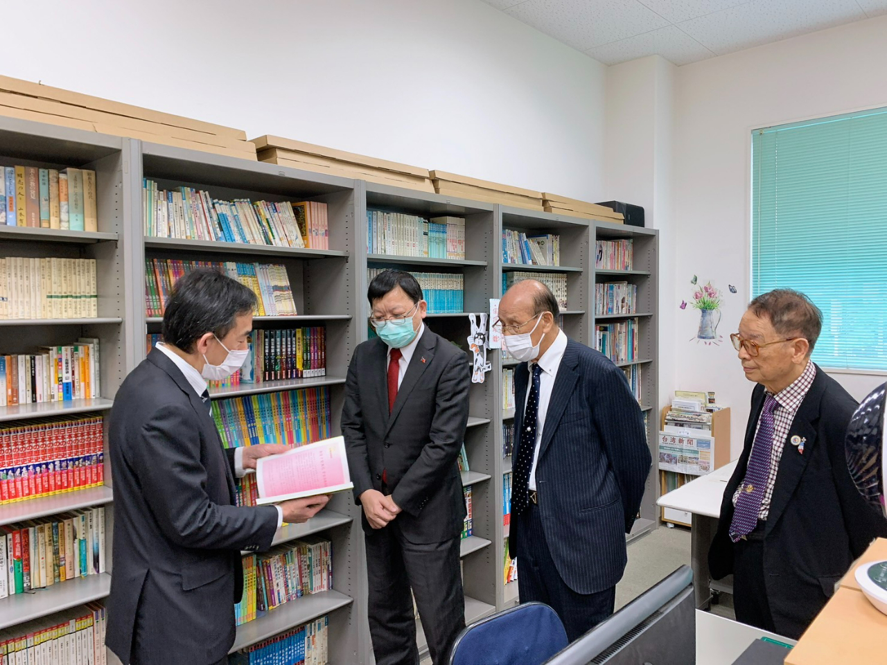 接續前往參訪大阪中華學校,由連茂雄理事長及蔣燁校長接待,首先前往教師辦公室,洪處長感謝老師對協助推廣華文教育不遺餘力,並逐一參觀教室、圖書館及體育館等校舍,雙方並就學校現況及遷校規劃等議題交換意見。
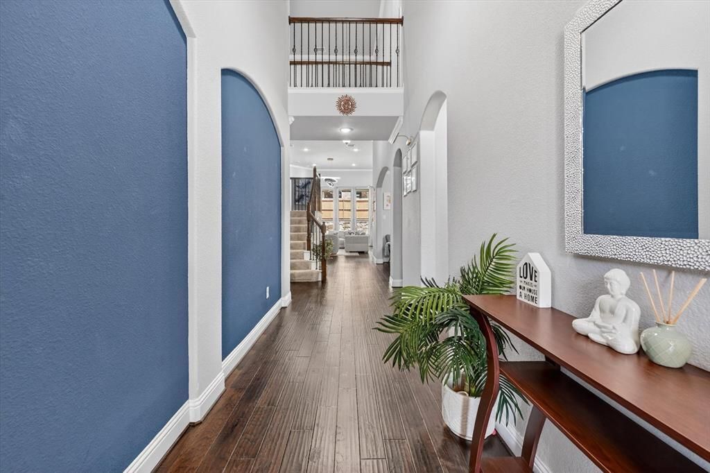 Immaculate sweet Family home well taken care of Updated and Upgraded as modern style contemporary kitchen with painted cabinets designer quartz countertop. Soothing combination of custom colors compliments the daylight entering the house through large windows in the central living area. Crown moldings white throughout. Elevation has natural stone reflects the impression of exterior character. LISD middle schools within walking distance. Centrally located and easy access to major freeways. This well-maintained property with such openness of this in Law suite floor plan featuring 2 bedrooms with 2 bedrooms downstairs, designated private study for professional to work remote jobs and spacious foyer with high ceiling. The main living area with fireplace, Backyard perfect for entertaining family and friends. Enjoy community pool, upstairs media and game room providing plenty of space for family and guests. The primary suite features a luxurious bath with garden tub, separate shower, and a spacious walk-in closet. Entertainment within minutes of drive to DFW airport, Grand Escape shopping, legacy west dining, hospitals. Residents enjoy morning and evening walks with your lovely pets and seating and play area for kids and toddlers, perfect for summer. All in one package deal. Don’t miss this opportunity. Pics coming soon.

__________________________________________________

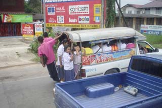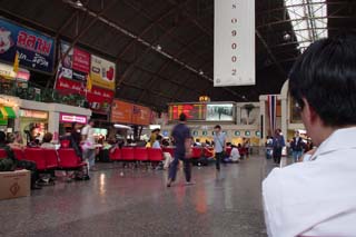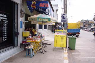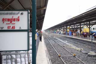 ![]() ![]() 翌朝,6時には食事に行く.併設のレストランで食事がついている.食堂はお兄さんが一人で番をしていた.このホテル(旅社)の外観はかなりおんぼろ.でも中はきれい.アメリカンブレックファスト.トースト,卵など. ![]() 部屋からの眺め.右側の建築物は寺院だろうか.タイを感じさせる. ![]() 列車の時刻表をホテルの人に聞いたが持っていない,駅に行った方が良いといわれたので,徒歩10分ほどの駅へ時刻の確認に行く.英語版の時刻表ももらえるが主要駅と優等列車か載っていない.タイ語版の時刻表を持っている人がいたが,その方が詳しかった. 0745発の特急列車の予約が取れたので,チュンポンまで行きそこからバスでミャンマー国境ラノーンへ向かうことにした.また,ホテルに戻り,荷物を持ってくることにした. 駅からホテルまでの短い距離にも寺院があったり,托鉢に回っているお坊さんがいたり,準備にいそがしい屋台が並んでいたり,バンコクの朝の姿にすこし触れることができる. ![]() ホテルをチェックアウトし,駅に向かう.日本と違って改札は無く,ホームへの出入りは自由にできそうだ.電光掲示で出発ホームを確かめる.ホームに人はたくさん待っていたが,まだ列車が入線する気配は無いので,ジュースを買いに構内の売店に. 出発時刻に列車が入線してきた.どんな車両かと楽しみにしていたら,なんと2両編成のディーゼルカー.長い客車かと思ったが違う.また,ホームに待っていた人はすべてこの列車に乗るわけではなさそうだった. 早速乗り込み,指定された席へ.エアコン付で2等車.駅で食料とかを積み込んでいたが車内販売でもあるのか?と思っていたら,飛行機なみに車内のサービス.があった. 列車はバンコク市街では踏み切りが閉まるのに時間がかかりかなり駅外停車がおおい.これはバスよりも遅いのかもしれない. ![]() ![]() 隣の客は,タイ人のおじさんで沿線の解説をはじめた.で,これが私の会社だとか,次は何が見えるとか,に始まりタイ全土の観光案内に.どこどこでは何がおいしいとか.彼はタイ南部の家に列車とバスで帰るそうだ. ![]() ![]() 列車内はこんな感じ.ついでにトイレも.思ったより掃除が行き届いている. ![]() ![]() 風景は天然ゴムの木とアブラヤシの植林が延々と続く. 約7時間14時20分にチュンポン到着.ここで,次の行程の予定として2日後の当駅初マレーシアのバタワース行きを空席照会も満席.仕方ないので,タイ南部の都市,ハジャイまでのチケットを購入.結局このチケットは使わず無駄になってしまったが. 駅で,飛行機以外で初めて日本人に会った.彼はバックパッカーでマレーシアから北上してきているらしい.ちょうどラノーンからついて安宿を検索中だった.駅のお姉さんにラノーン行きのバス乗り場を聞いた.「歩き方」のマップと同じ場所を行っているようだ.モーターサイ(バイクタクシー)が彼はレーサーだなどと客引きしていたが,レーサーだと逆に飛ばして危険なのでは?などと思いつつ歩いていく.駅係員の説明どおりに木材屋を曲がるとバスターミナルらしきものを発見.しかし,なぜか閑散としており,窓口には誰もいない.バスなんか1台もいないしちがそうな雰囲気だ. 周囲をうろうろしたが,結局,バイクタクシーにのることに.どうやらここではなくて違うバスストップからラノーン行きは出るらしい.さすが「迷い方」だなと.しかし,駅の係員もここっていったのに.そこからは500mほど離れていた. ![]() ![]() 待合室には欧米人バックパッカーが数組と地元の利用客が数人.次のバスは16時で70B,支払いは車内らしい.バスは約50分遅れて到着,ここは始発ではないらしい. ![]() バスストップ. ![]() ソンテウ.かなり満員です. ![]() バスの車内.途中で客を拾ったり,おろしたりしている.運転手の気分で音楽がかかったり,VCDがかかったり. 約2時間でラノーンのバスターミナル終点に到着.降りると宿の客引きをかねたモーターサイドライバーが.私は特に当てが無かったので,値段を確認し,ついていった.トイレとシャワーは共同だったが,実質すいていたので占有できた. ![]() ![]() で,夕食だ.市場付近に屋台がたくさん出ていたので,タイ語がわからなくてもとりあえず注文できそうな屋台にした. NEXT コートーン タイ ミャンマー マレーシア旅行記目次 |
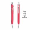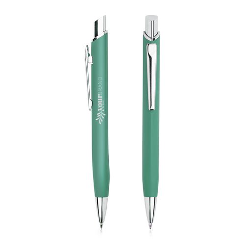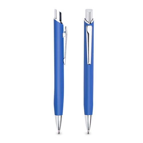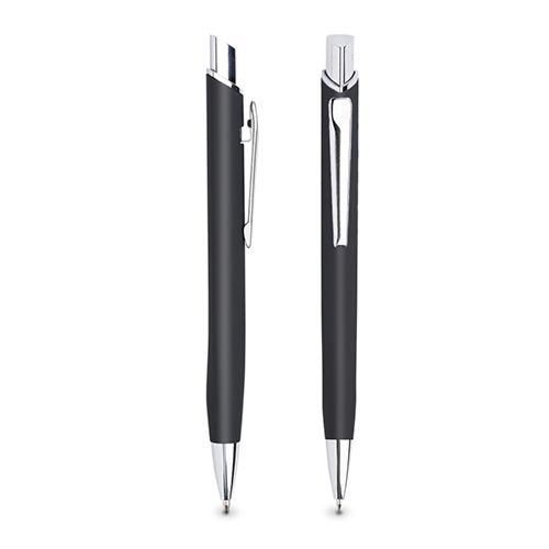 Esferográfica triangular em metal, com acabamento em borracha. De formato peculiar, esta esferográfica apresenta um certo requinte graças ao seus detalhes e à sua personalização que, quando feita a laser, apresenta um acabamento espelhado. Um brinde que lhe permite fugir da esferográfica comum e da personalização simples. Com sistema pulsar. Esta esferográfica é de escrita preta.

__________________________________________________

• _EXERCISE_
In the listing above, find the line with "接續前往參訪大阪中華學校,由" and the line with "Immaculate sweet Family". Copy both of them and every line between, exactly, but not the pictures.

• _OUTPUT BELOW_
 接續前往參訪大阪中華學校,由連茂雄理事長及蔣燁校長接待,首先前往教師辦公室,洪處長感謝老師對協助推廣華文教育不遺餘力,並逐一參觀教室、圖書館及體育館等校舍,雙方並就學校現況及遷校規劃等議題交換意見。
 Immaculate sweet Family home well taken care of Updated and Upgraded as modern style contemporary kitchen with painted cabinets designer quartz countertop. Soothing combination of custom colors compliments the daylight entering the house through large windows in the central living area. Crown moldings white throughout. Elevation has natural stone reflects the impression of exterior character. LISD middle schools within walking distance. Centrally located and easy access to major freeways. This well-maintained property with such openness of this in Law suite floor plan featuring 2 bedrooms with 2 bedrooms downstairs, designated private study for professional to work remote jobs and spacious foyer with high ceiling. The main living area with fireplace, Backyard perfect for entertaining family and friends. Enjoy community pool, upstairs media and game room providing plenty of space for family and guests. The primary suite features a luxurious bath with garden tub, separate shower, and a spacious walk-in closet. Entertainment within minutes of drive to DFW airport, Grand Escape shopping, legacy west dining, hospitals. Residents enjoy morning and evening walks with your lovely pets and seating and play area for kids and toddlers, perfect for summer. All in one package deal. Don’t miss this opportunity. Pics coming soon.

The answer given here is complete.